- Born: Janice Winmill Bognor Regis, Sussex, England
- Occupation: Actor
- Years active: 1970–present

= Sammie Winmill =

British actress (born 1948)

Sammie Winmill (born Janice Winmill c1950) is a British actress who had a number of roles in the 1970s, and is best known for portraying Carol in the Sci-fi series The Tomorrow People.

== Career ==
Her first noted appearance was alongside Ronnie Barker in the comedy Futtock's End in 1970. Following small roles with Frankie Howerd in the films of Up Pompeii and Up the Chastity Belt (1971) she secured a regular part in the sitcom Doctor in Charge in 1972 playing Nurse Sandra Crumpton. This role ran for six episodes of the first series. Soon after she appeared as Gretel in the 1972 film The Pied Piper starring Donovan.

In 1973 she was offered the role of Carol in a new children's science-fiction series, The Tomorrow People. Winmill played the role throughout the thirteen episodes of the first series but declined to continue in the part, despite being offered a three-year contract. This was mainly due to her fear of being typecast and wanting to do more stage work, although the actress now believes that she quit the role too early.

Winmill went on to do much theatre work over the next few years before landing another regular television role in The Duchess of Duke Street in 1976. She played the part of Ethel for eleven episodes until 1977. She also appeared in an episode of The Professionals, but by the early 1980s she had decided to retire from the industry.
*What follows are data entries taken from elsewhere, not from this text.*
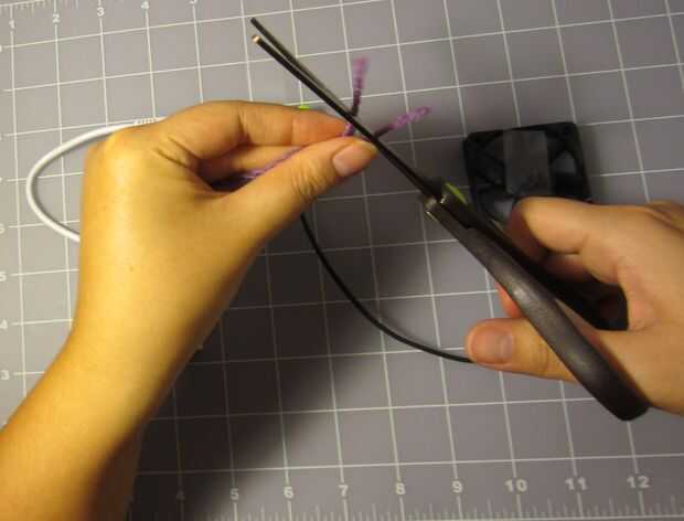 2. cinta adhesiva un trozo de hilo de unos 20-24 pulgadas de largo al centro de la unidad del ventilador.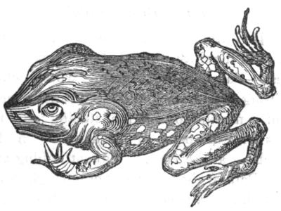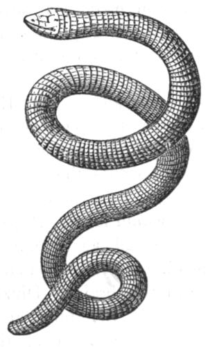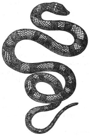The elaps corallinus is found quite frequently in the woods all along the coast of Brazil, and its bite is much dreaded. Its colors are more brilliant and more agreeably combined than those of any other serpent in Brazil. Its head is small, covered with large polygonal scales; it swells behind and is continuous with the neck from which it is scarcely distinguished as regards size. It has round and small eyes; the jaws which are little dilatable, are furnished with sharp teeth accompanied by fangs that rest on the venomous glands. The body is about two feet and a half in length; it is round, rather big in proportion to the head, and terminates in a sharp tail. The upper part is covered with smooth rhomboïdal scales; the belly is covered with two hundred transverse shields; the tail numbers fifty shields, which are disposed in two parallel rows. Its colors are disposed in the shape of rings of a vermillion-red, alternating with black rings, each two rings being separated by circular lines of a greenish white. The upper part of the head is black; likewise the first colored ring of the neck; the[23] shields of the jaws are white, and are separated from each other by black lines. As in the case of the crotalus cascavella, the poison was taken from the living reptile, not without danger.
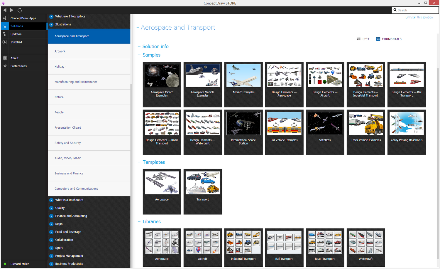 After ConceptDraw STORE and ConceptDraw DIAGRAM are downloaded and installed, you can install the Aerospace and Transport solution from the ConceptDraw STORE.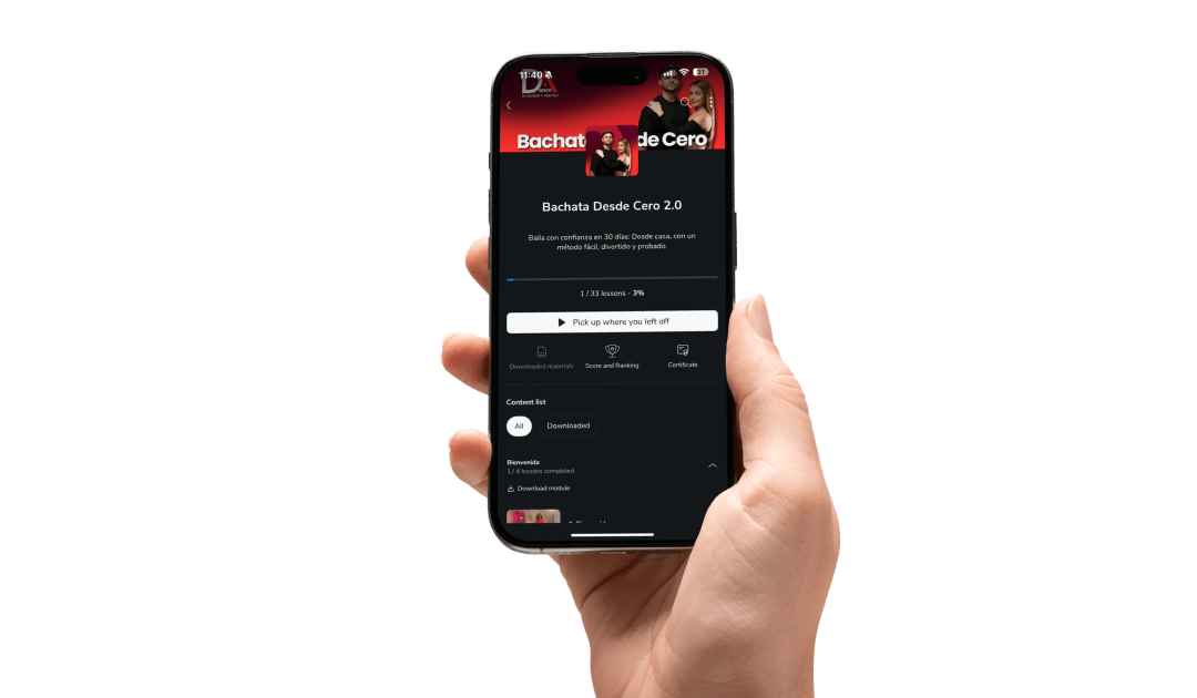 Aquí vas a tener acceso a todos los bonos como playlist exclusiva de bachata, programa de pasos, código de descuento, clases extras y más.

Over the next few years, Winmill became involved in other activities such as folk singing (she also plays guitar) and joined the Template Foundation. She also organises drama and dance workshops specifically for women with an emphasis on spiritual well-being. In the late 1990s she made a return to acting, appearing in a one-woman show which she wrote herself and starred in a number of science-fiction audio drama CDs.